First Step to Untangle DNA: Supercoiled DNA Captures Gyrase Like a Lasso Ropes Cattle
Published:06 Jun.2024    Source:Baylor College of Medicine
A study published in the journal Science, researchers at Baylor College of Medicine, Université de Strasbourg, Université Paris Cité and collaborating institutions reveal how DNA gyrase resolves DNA entanglements. The findings not only provide novel insights into this fundamental biological mechanism but also have potential practical applications. Some DNA supercoiling is essential to make DNA accessible to allow the cell to read and make copies of the genetic information, but either too little or too much supercoiling is detrimental. For example, the act of copying and reading DNA overwinds it ahead of the enzymes that read and copy the genetic code, interrupting the process. It's long been known that DNA gyrase plays a role in untangling the overwinding, but the details were not clear.
 
"We typically picture DNA as the straight double helix structure, but inside cells, DNA exists in supercoiled loops. Understanding the molecular interactions between the supercoils and the enzymes that participate in DNA functions has been technically challenging, so we typically use linear DNA molecules instead of coiled DNA to study the interactions," said study researchers. "One goal of our laboratory has been to study these interactions using a DNA structure that more closely mimics the actual supercoiled and looped DNA form present in living cells." After years of work, the Zechiedrich lab has created small loops of supercoiled DNA. In the current study, their hypothesis was proven correct. As the DNA supercoils inside the nucleus, it twists and folds in different forms. This is the first step of the mechanism that prompts the enzyme for resolving DNA entanglements. Imagine watching the rodeo. Like roping cattle with a lasso, supercoiled looped DNA captures gyrase in the first step.
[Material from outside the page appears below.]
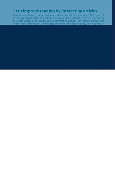 People are showing more and more desire for IELTS these days. With aim of achieving higher score, test takers are paying deep attention for each section of test with variety of methods. During preparation period, I saw that reading is one of the most difficult part, which demand more time more energy. It is true that, it seems impossible that spending time for reading paper based texts and doing some exercises related to them instead of having great time with modern devices in the technological development century. Therefore, we decided to write book (We do not think, we can say it is a book, because it is just like a manual. However, although it looks not as modesty, we did not want to underestimate our work) to help test takers improve their reading skill. Whenever you ask some advice teachers to get higher score from reading, they suggest reading more articles. We also follow this advice with some extra activities. There are 15 articles and some interesting part of books with exercises that help you to adopting IELTS reading questions. This book for intermediate level test takers who want to organize bedtime reading and improve this skill.

Gyrase then cuts one double-helix of the DNA lasso and passes the other helix through the break to get free.
 
Researchers confirmed the observation of the path of the DNA wrapped in the loop around gyrase using magnetic tweezers, a biophysical technique that allows to measure the deformation and fluctuations in the length of a single molecule of DNA. Interestingly, the "DNA strand inversion model" for gyrase activity was proposed in 1979 by Drs. Patrick O. Brown and the late Nicholas R. Cozzarelli, also in a Science paper, well before researchers had access to supercoiled minicircles or the 3-D molecular structure of the enzyme. This work opens a myriad of perspectives to study the mechanism of this conserved class of enzymes, which are of great clinical value and supports new ideas on how DNA activities are regulated.